[Recorded information — start]

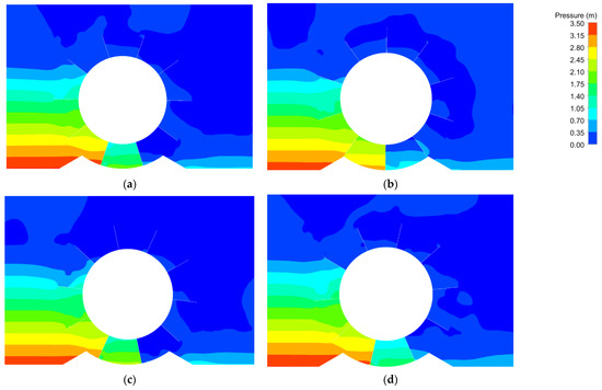 The actual orientation of each blade plane is not parallel to the rotor axis, as assumed in the previous section, but its intersection with the orthogonal plane, including the rotor axis, forms an angle of 51° with the same axis. This has been done to speed up the exit of the water from the volume confined by two sequential blades immediately after the first one attains the vertical position below the rotor axis. Numerical analysis was carried out for validation by computing the efficiency and the flow rate of the HPM for fixed h1 and h2 normal depths. The turbine shows an efficiency equal to 54.5%, with a computed discharge close to the design data (Q = 0.860 m3/s). In Figure 13 the distributions of the water volume fraction for four different simulation times t, and in Figure 14, the distributions of the pressure for four different simulation times t are shown.
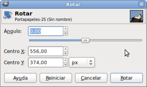 Una vez seleccionada esta herramienta haz clic en la Ventana imagen encima de la capa, selección o ruta que quieras rotar y mostrará la siguiente ventana:
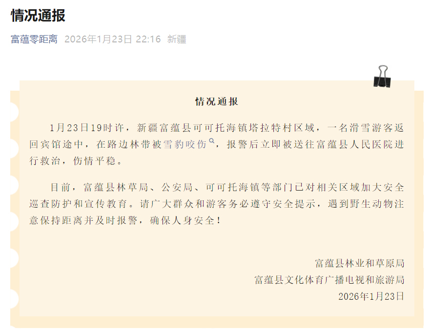 1月23日,新疆富蕴县发布情况通报,当日19时许,该县可可托海镇塔拉特村,一名滑雪游客返回宾馆途中被雪豹咬伤,报警后立即送往医院救治,伤情平稳。
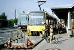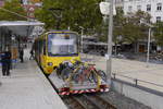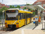 Triebwagen 1002 mit fahhradbeistellwagen am 19.8.21 an der Station Marienplatz  als Linie 10 nach Degerloch

[Recorded information — finish]

• Task objective: Up to and including the last line of the listing, starting at the line with "Una vez seleccionada", extract every line exactly and leave out the pictures.

• Solution for this exercise:
 Una vez seleccionada esta herramienta haz clic en la Ventana imagen encima de la capa, selección o ruta que quieras rotar y mostrará la siguiente ventana:
 1月23日,新疆富蕴县发布情况通报,当日19时许,该县可可托海镇塔拉特村,一名滑雪游客返回宾馆途中被雪豹咬伤,报警后立即送往医院救治,伤情平稳。
 Triebwagen 1002 mit fahhradbeistellwagen am 19.8.21 an der Station Marienplatz  als Linie 10 nach Degerloch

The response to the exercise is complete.